In Denmark where there are almost 7500 different approved drugs, is a lot of testing. Using the data from doctors records - especially from mental patients who are often given significant drug cocktails they are attempting to identify possible combinations of drug interactions for certain types of patients that  haven’t previously been identified. The theory being that there might be drugs that work well for certain people for certain diseases that could actually be dangerous for others with other people with similar conditions that are interacting with another set of diseases.

And then there’s the whole trying to work in temporal data into the equation. Which disease arrived first? Making the patient susceptible to what other conditions. All very interesting stuff. It doesn’t sound like they’ve managed to integrate much in the way of sequence data yet, but there’s still some interesting correlations (stressing correlation rather than causal relationships) popping up.

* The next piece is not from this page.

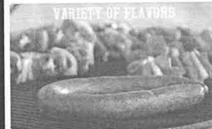
F COUNTRY PLEASIN' VARIETY SAUSAGE PACK

And for my money, that was the 2nd most interesting talk of the workshop this afternoon. I’ll try and write about the one using linkage analysis, sequencing and mouse models to determine the genetic causes of deafness in an extended family this evening. Very cool stuff from a woman by the name of Mette Nyegaard. Apparently there’s a significant correlation between deafness and kidney disease. 

For now though I have to go find someplace for dinner.